Goal of the exercise - Using the data below, restate exactly every line from the one with "Casualties feared as" up to and including the one with "This Airplane themed". No picture belongs in it.

Available records -
-- Opening Marker --

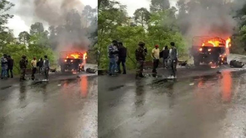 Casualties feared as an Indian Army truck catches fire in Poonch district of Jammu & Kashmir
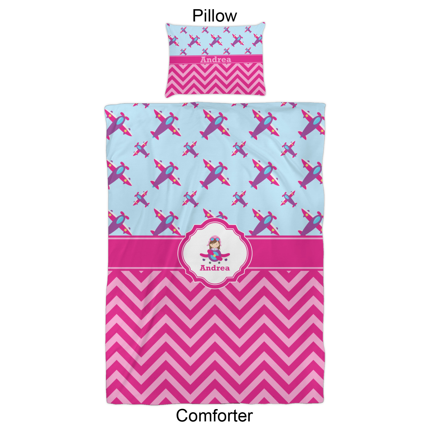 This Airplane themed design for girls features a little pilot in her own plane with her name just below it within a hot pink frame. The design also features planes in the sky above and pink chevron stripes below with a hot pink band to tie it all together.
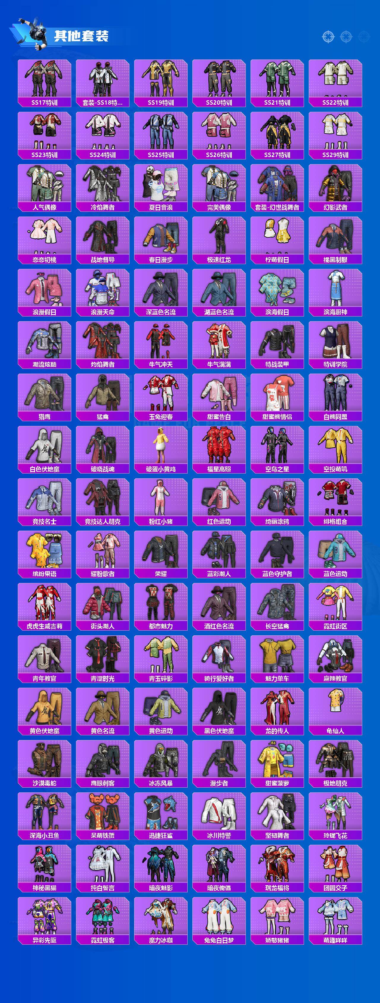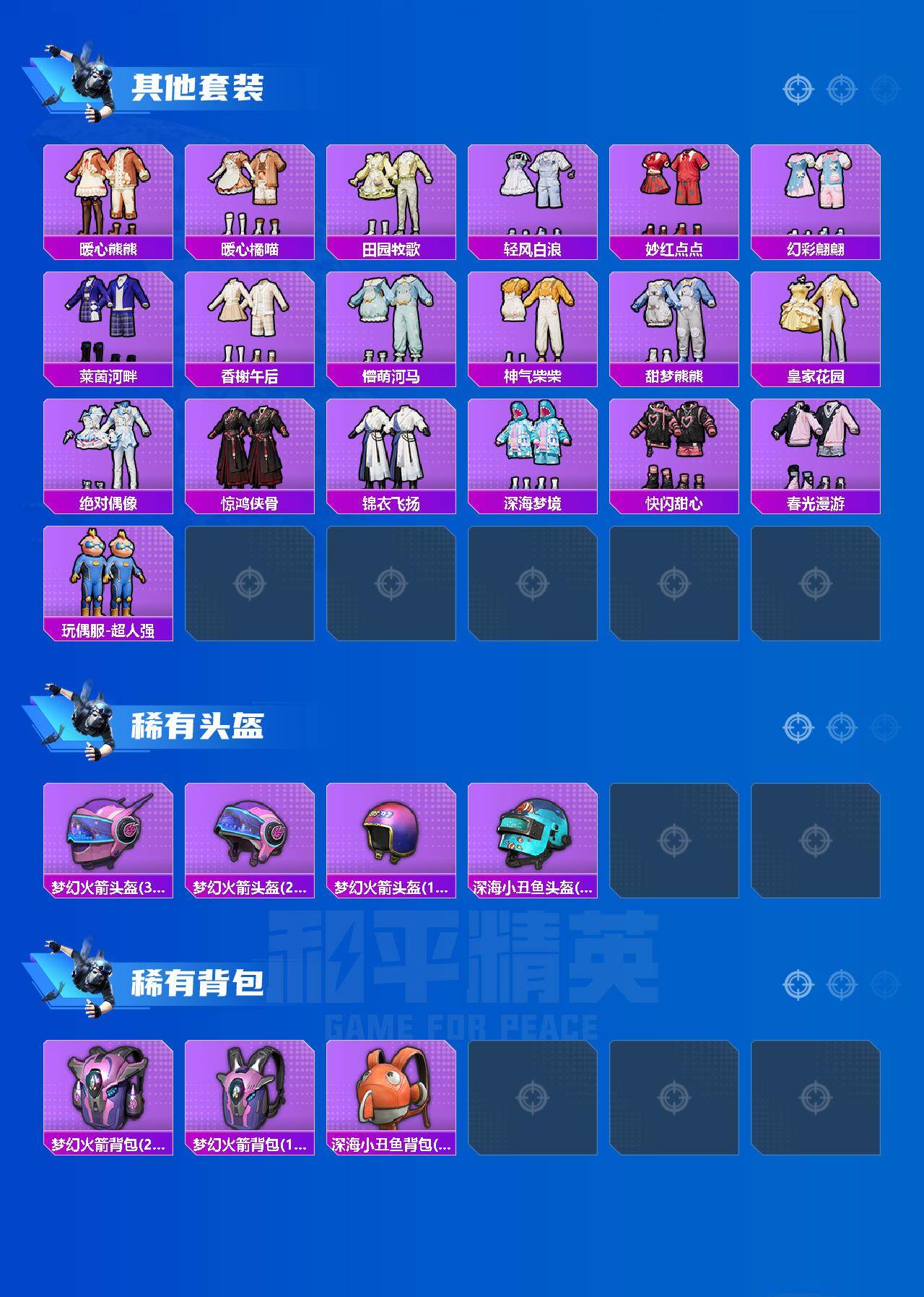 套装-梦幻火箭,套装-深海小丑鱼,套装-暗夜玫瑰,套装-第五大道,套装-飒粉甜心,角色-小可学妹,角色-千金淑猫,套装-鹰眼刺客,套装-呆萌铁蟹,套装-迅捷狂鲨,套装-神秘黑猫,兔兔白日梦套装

-- Closing Marker --
-- Opening Marker --

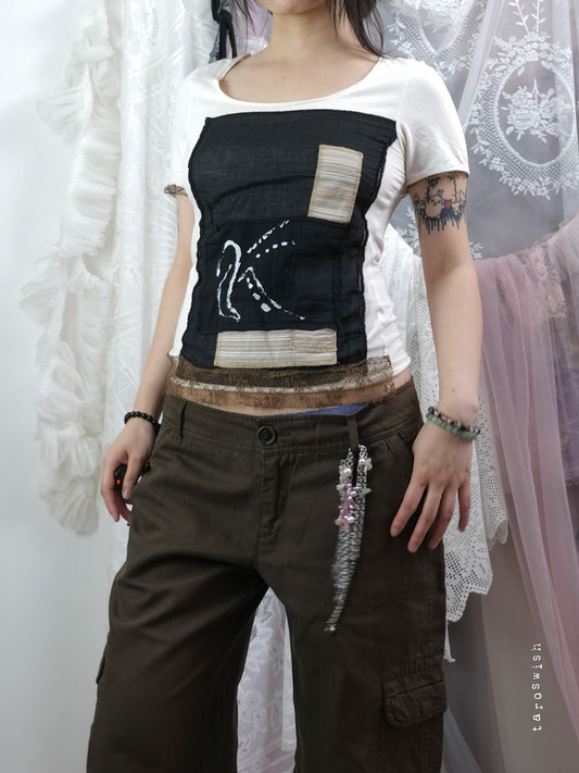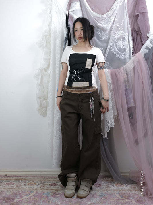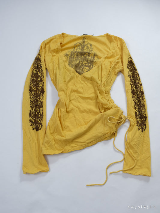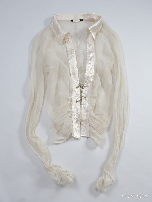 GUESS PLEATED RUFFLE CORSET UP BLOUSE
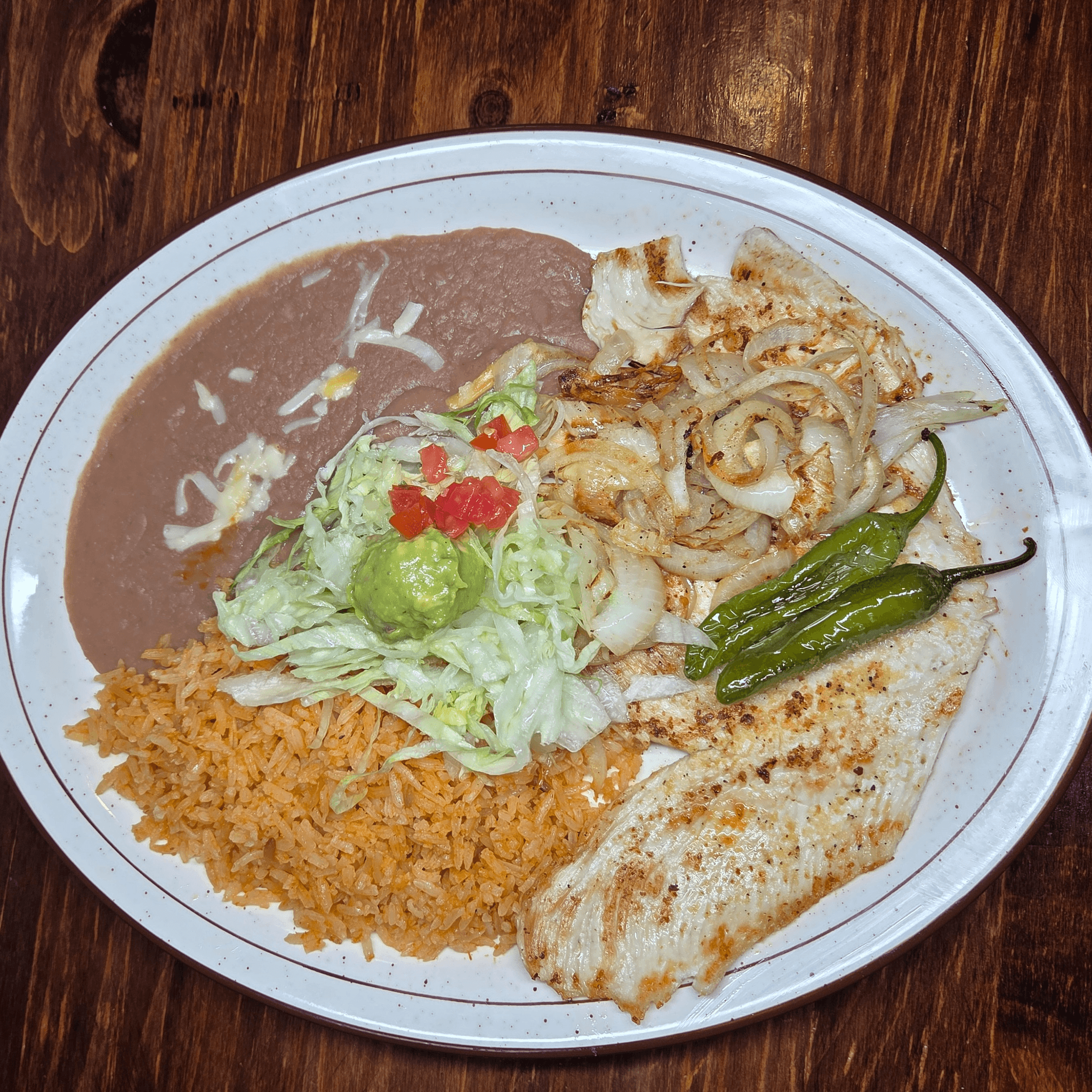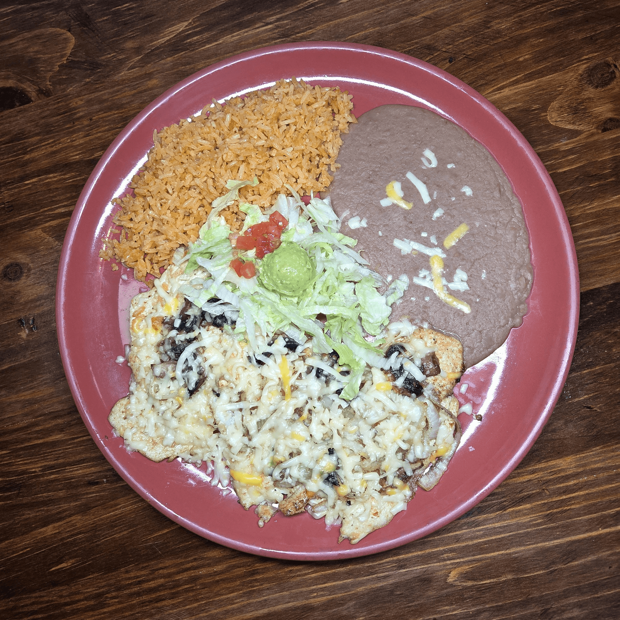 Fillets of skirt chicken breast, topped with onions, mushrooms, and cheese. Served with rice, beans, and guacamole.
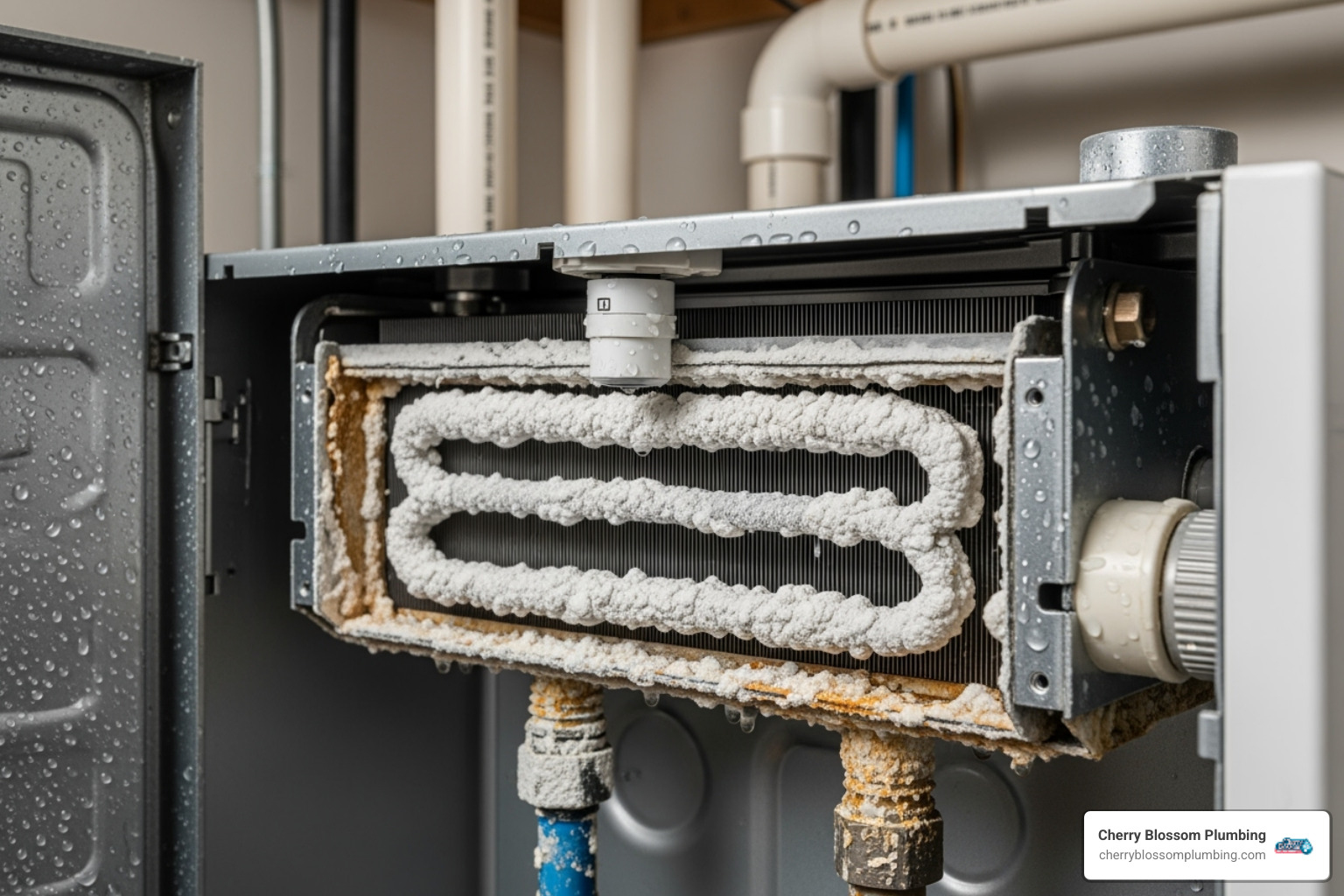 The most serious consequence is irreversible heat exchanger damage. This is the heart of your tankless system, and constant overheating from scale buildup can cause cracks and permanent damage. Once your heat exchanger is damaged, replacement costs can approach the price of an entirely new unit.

-- Closing Marker --

Completed task -
 Casualties feared as an Indian Army truck catches fire in Poonch district of Jammu & Kashmir
 This Airplane themed design for girls features a little pilot in her own plane with her name just below it within a hot pink frame. The design also features planes in the sky above and pink chevron stripes below with a hot pink band to tie it all together.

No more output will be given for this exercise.